With no images included, output each entry below exactly as it appears.

▶ _Supplied entries_
• • • • •

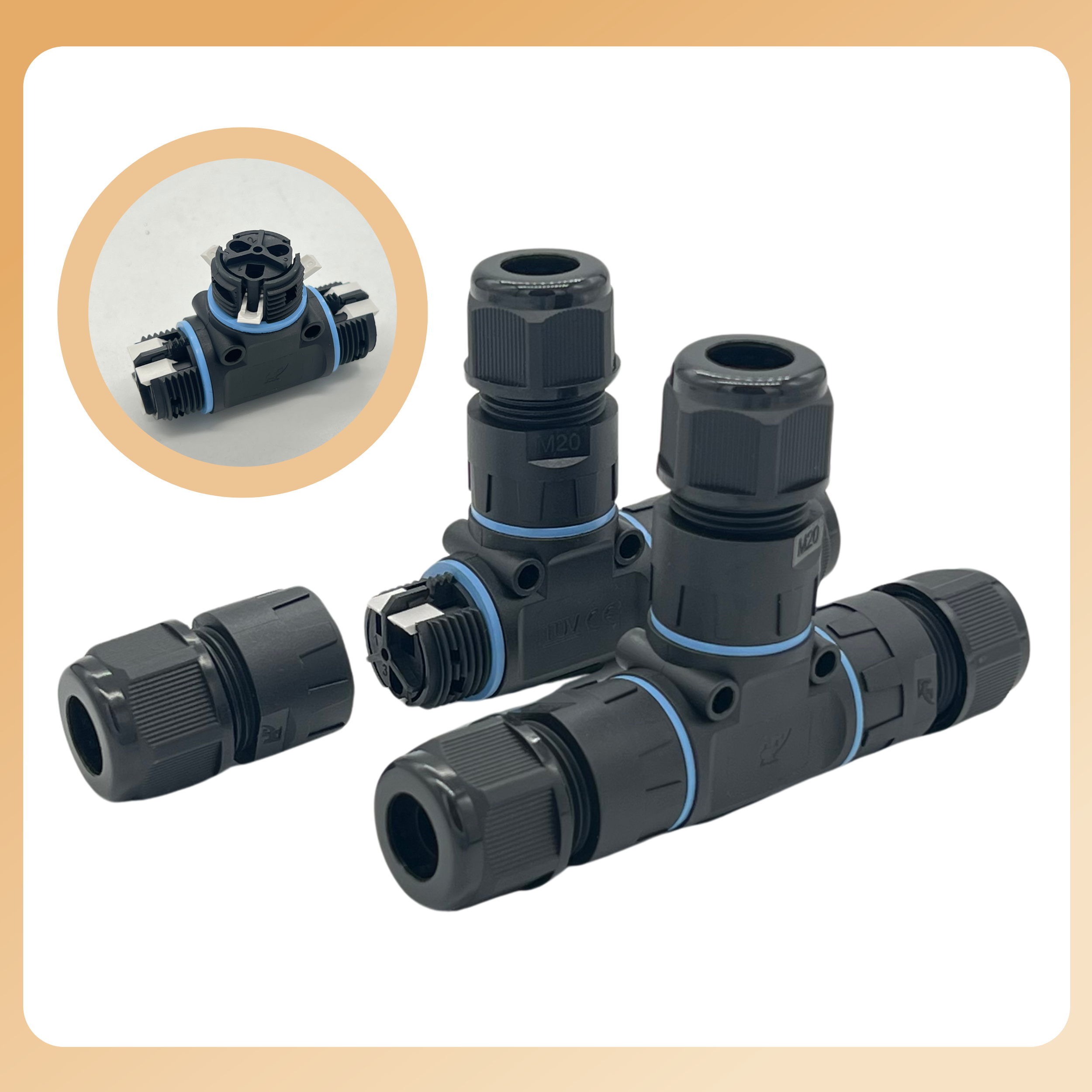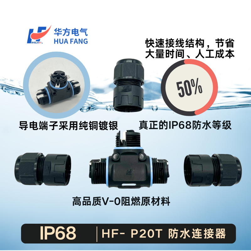 免螺丝3芯三通IP68防水连接器户外led电缆接头快速接线
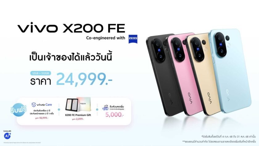 เปิดตัวพร้อมให้ผู้ใช้งานชาวไทยได้เลือกจับจองเป็นเจ้าของแล้ววันนี้ในราคา 24,999 บาทสำหรับความจุ 12GB + 512GB ที่ vivo Brand Shop ทุกสาขา ช่องทางออนไลน์ และตัวแทนจำหน่ายทั่วประเทศ พิเศษสำหรับผู้ที่สั่งซื้อภายในวันที่ 4 กรกฎาคม – 31 สิงหาคม 2568 นี้ รับของสมนาคุณมูลค่ารวมสูงสุดกว่า 13,098 บาท ได้แก่ Premium Gift Box (มูลค่า 2,099 บาท) และ vivo Care ประกันตัวเครื่อง 2 ปี และประกันหน้าจอแตก 2 ปีแรก จำนวน 1 ครั้ง (มูลค่า 10,999 บาท) นอกจากนี้ยังมีโปรโมชัน “เก่าแลกใหม่” รับส่วนลดเพิ่มจากราคาประเมินสูงสุดถึง 5,000 บาท!
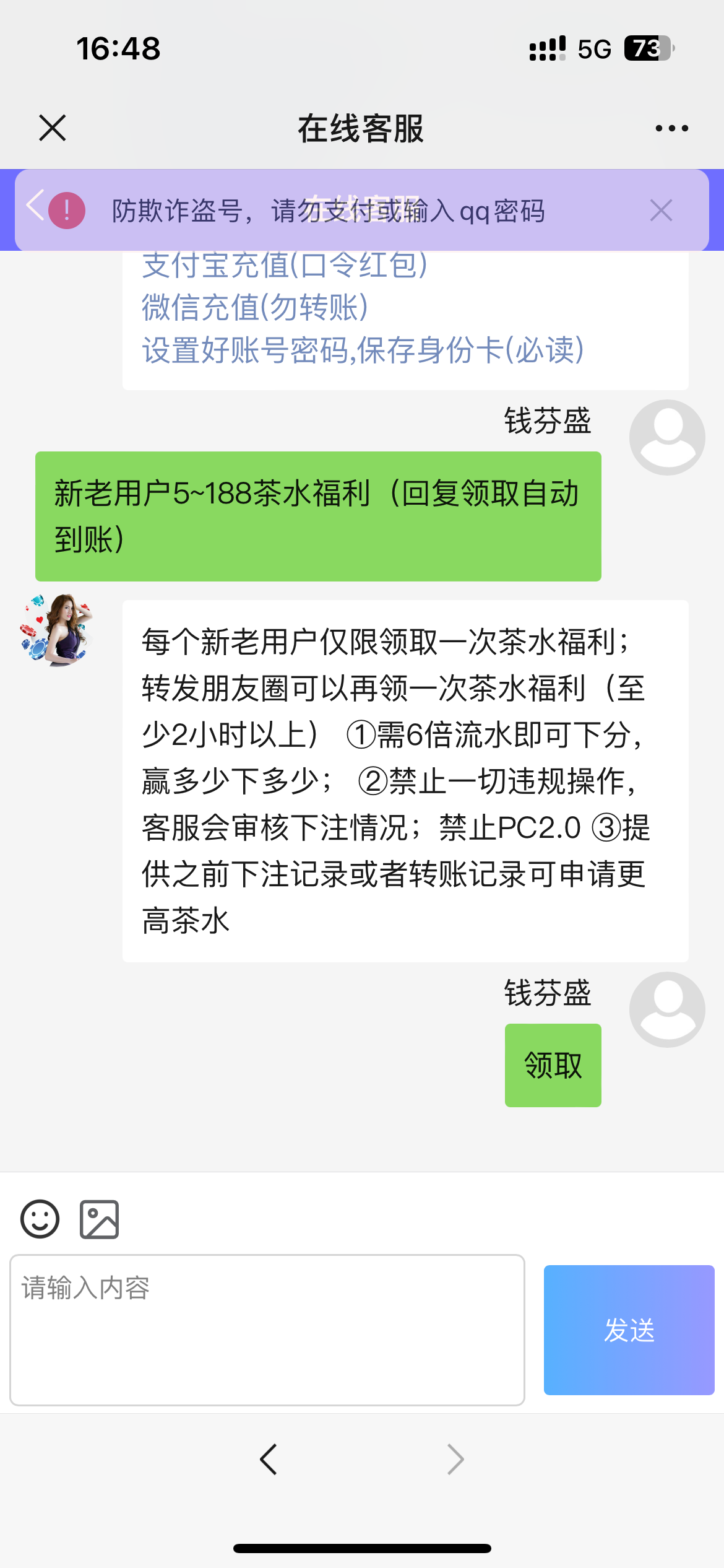 给客服发个  领取   秒送5  6倍流水下分 打多少提多少    不知道黑不黑自己去白嫖吧
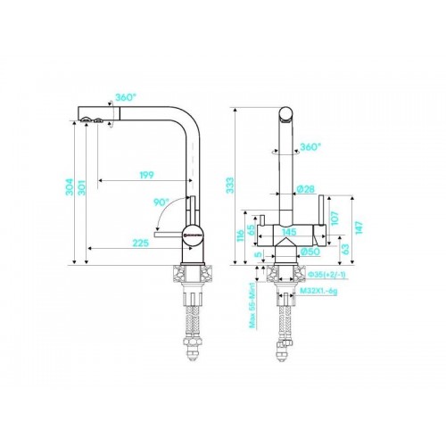 Смеситель KÜCHENSTERN FOKUS-F объединяет сразу две функции - питьевая и обычная вода из одного смесителя. Смесителем удобно пользоваться , так как он имеет два отдельных рычага управления для водопроводной и фильтрованной воды.
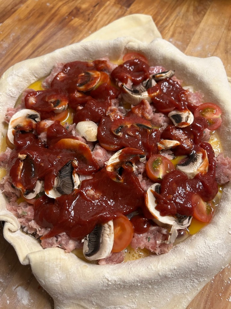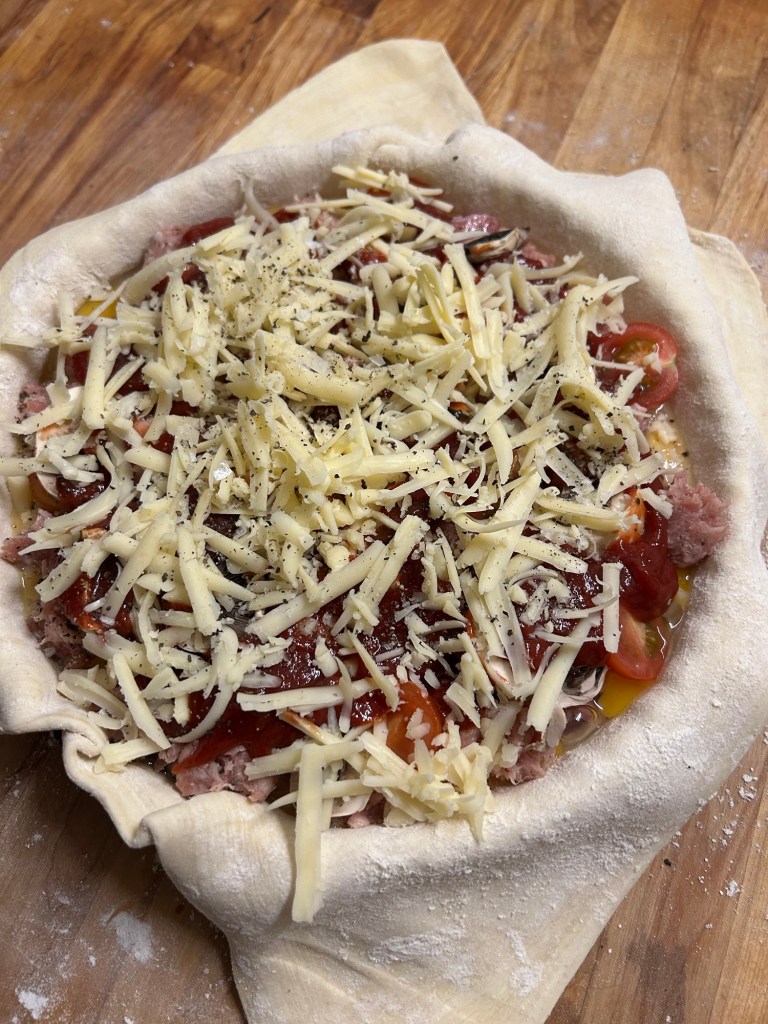 Place the pie tin on the preheated baking tray and cook in the oven for 30 / 35 minutes. The pie will be lovely and golden.
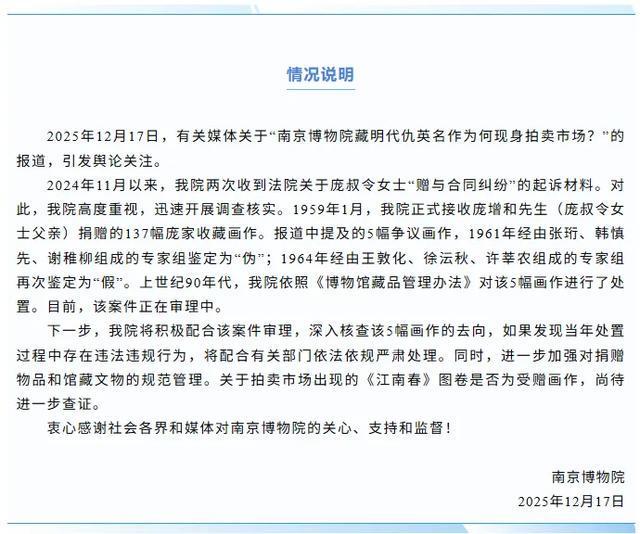 近日,媒体报道南京博物院馆藏名画现身拍卖市场,引发关注。
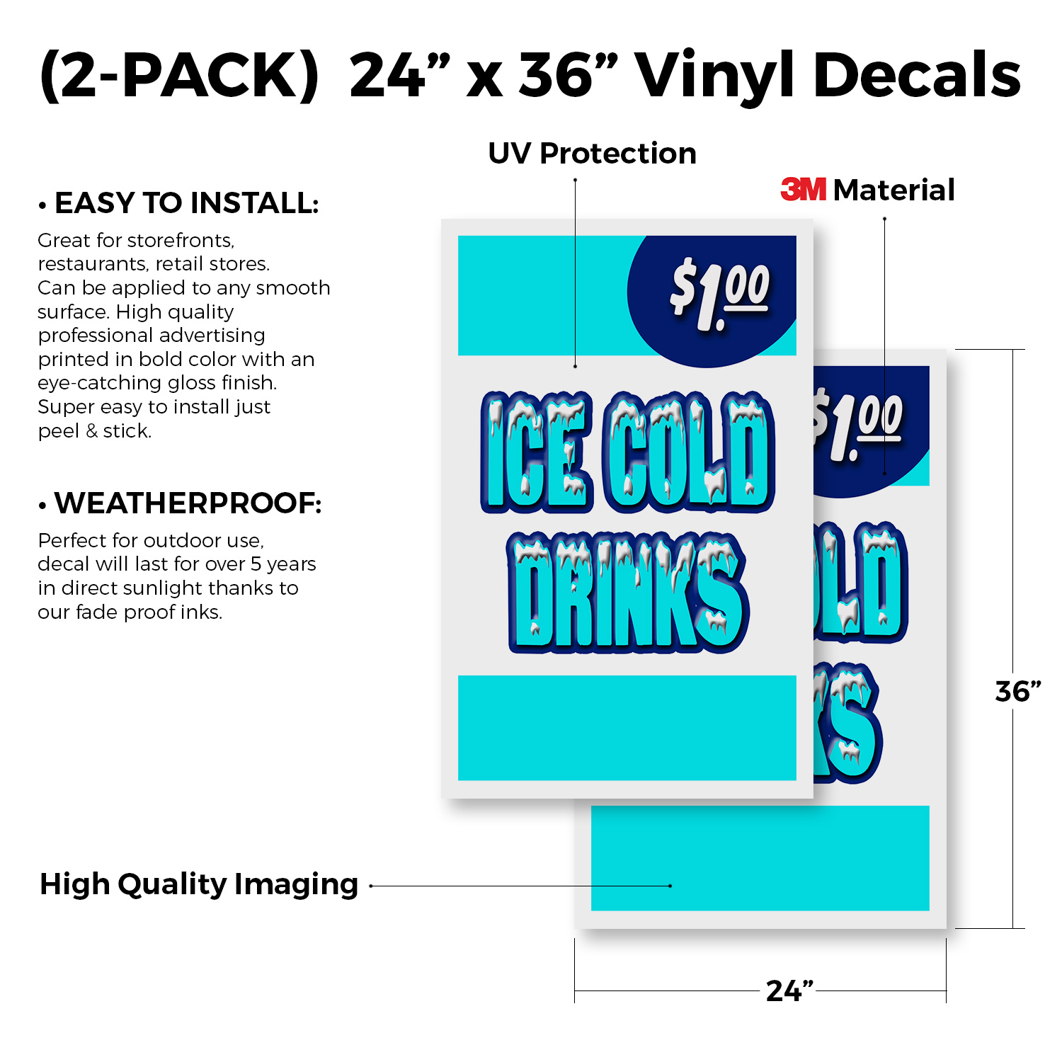 Ice Cold Drinks 1 24 x 36 2 Pack Of Store Sign Plastic Or Decal
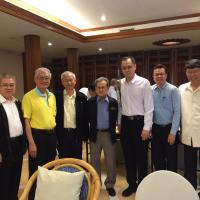อาจารย์ประเวศ วะสี สวมเสื้อเชิ้ตสีฟ้า และสวมเสื้อแขนยาวสีดำ
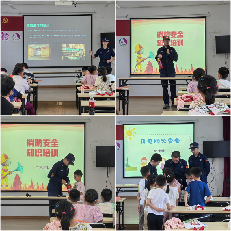 消防安全重于泰山,开展消防科普能在一定程度上提升居民的防火意识,减少火灾隐患,保障人民生命财产安全。23消防救援1班季浩楠,22消防救援(一贯)1班胡维逸、姚顾舜三位同学在教师的指导下,精心准备科普内容。现场用简洁、专业的语言向社区居民普及用电用气和防火安全知识。同时,现场还指导小朋友们正确使用干粉灭火器的方法。
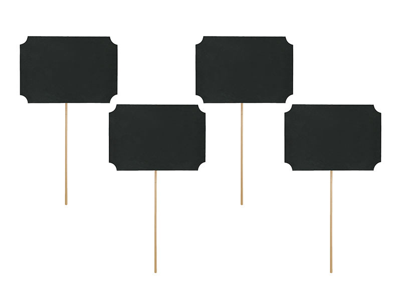 Cards on a stick, black, with a free text field, ideal for table numbers, size 11x8 centimeters. 1 pkt / 4 pc.
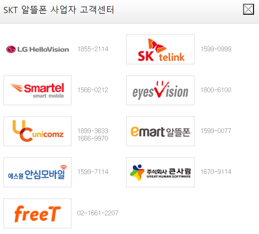 # SKT알뜰폰 고객센터
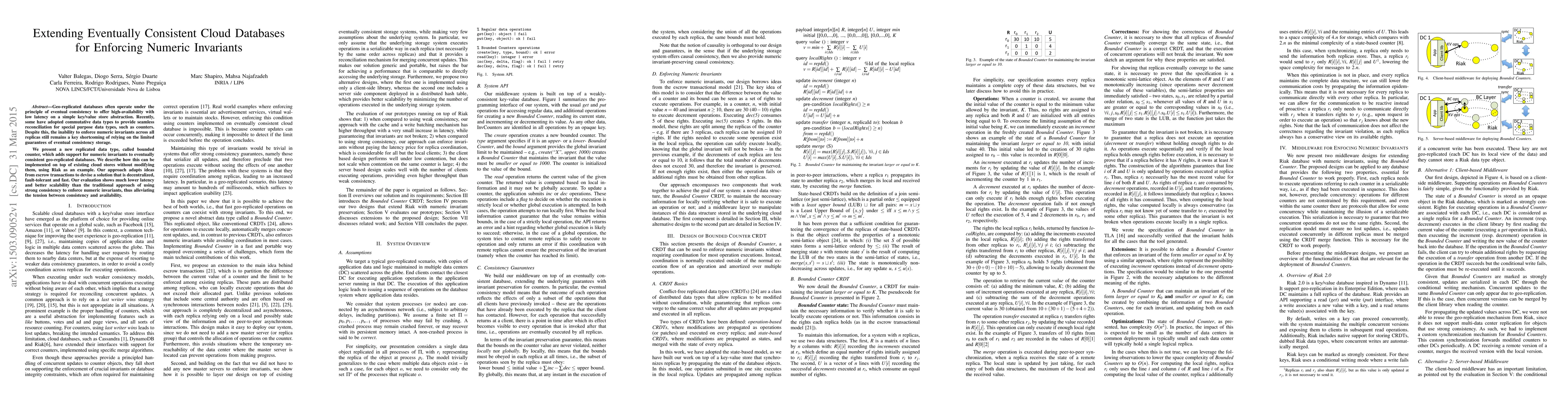 This paper introduces a new replicated data type called "bounded counter" to enforce numeric invariants in eventually consistent cloud databases. The approach leverages escrow transaction principles to implement decentralized, fault-tolerant, and fast numeric invariant enforcement without modifying existing cloud stores, demonstrating lower latency and better scalability compared to strong consistency methods.
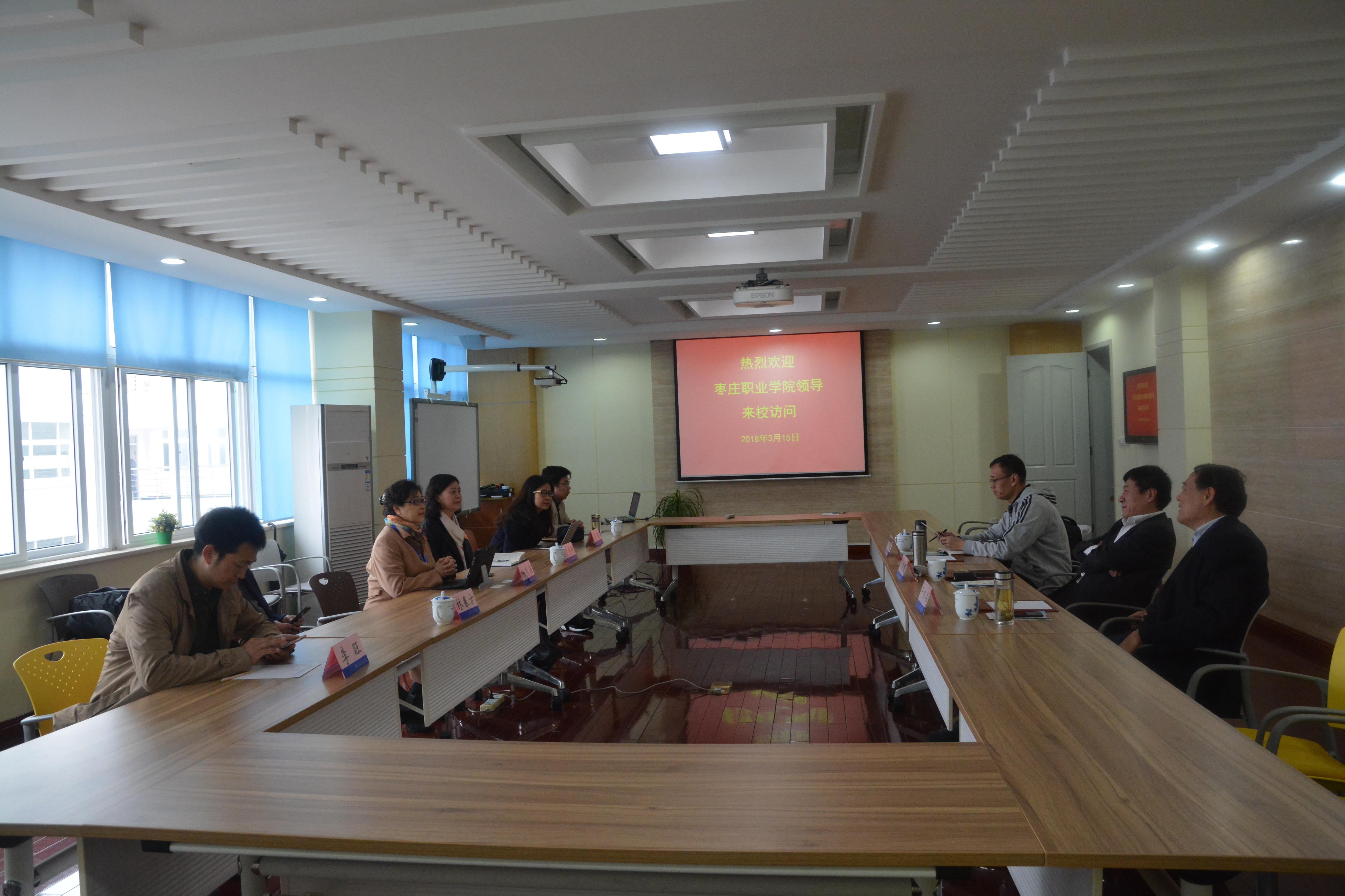 3月15日,枣庄职业学院党委书记战振强一行来我校进行交流访问。我校党委书记田钦、校长杨秀英、副校长窦争妍以及教务处、质量管理处、校企合作办、校办相关负责人参加了交流会谈。
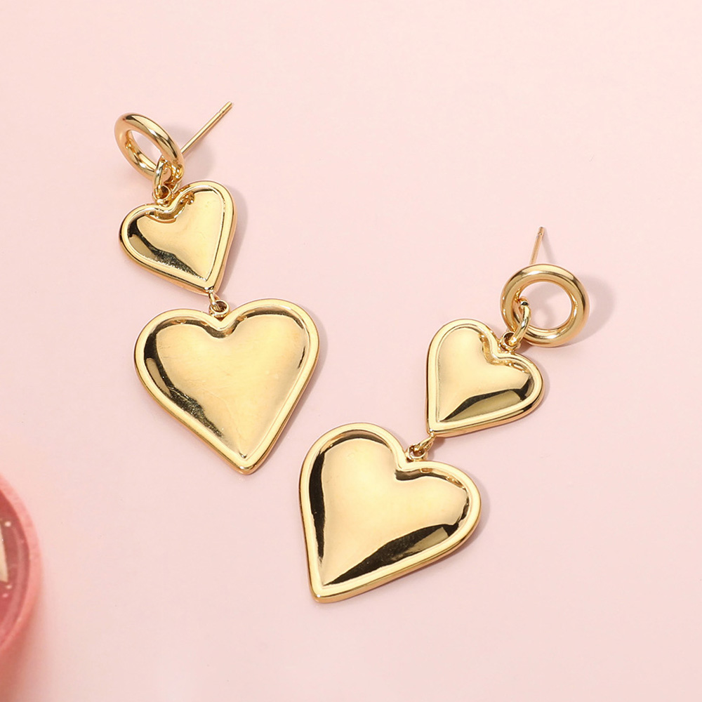• Elegant double heart drop earrings featuring a sleek, polished finish with a modern linked design. Lightweight and stylish, perfect for adding a romantic touch to everyday wear or special occasions.

• • • • •

▶ _Result below_
 免螺丝3芯三通IP68防水连接器户外led电缆接头快速接线
 เปิดตัวพร้อมให้ผู้ใช้งานชาวไทยได้เลือกจับจองเป็นเจ้าของแล้ววันนี้ในราคา 24,999 บาทสำหรับความจุ 12GB + 512GB ที่ vivo Brand Shop ทุกสาขา ช่องทางออนไลน์ และตัวแทนจำหน่ายทั่วประเทศ พิเศษสำหรับผู้ที่สั่งซื้อภายในวันที่ 4 กรกฎาคม – 31 สิงหาคม 2568 นี้ รับของสมนาคุณมูลค่ารวมสูงสุดกว่า 13,098 บาท ได้แก่ Premium Gift Box (มูลค่า 2,099 บาท) และ vivo Care ประกันตัวเครื่อง 2 ปี และประกันหน้าจอแตก 2 ปีแรก จำนวน 1 ครั้ง (มูลค่า 10,999 บาท) นอกจากนี้ยังมีโปรโมชัน “เก่าแลกใหม่” รับส่วนลดเพิ่มจากราคาประเมินสูงสุดถึง 5,000 บาท!
 给客服发个  领取   秒送5  6倍流水下分 打多少提多少    不知道黑不黑自己去白嫖吧
 Смеситель KÜCHENSTERN FOKUS-F объединяет сразу две функции - питьевая и обычная вода из одного смесителя. Смесителем удобно пользоваться , так как он имеет два отдельных рычага управления для водопроводной и фильтрованной воды.
 Place the pie tin on the preheated baking tray and cook in the oven for 30 / 35 minutes. The pie will be lovely and golden.
 近日,媒体报道南京博物院馆藏名画现身拍卖市场,引发关注。
 Ice Cold Drinks 1 24 x 36 2 Pack Of Store Sign Plastic Or Decal
อาจารย์ประเวศ วะสี สวมเสื้อเชิ้ตสีฟ้า และสวมเสื้อแขนยาวสีดำ
 消防安全重于泰山,开展消防科普能在一定程度上提升居民的防火意识,减少火灾隐患,保障人民生命财产安全。23消防救援1班季浩楠,22消防救援(一贯)1班胡维逸、姚顾舜三位同学在教师的指导下,精心准备科普内容。现场用简洁、专业的语言向社区居民普及用电用气和防火安全知识。同时,现场还指导小朋友们正确使用干粉灭火器的方法。
 Cards on a stick, black, with a free text field, ideal for table numbers, size 11x8 centimeters. 1 pkt / 4 pc.
 # SKT알뜰폰 고객센터
 This paper introduces a new replicated data type called "bounded counter" to enforce numeric invariants in eventually consistent cloud databases. The approach leverages escrow transaction principles to implement decentralized, fault-tolerant, and fast numeric invariant enforcement without modifying existing cloud stores, demonstrating lower latency and better scalability compared to strong consistency methods.
 3月15日,枣庄职业学院党委书记战振强一行来我校进行交流访问。我校党委书记田钦、校长杨秀英、副校长窦争妍以及教务处、质量管理处、校企合作办、校办相关负责人参加了交流会谈。
• Elegant double heart drop earrings featuring a sleek, polished finish with a modern linked design. Lightweight and stylish, perfect for adding a romantic touch to everyday wear or special occasions.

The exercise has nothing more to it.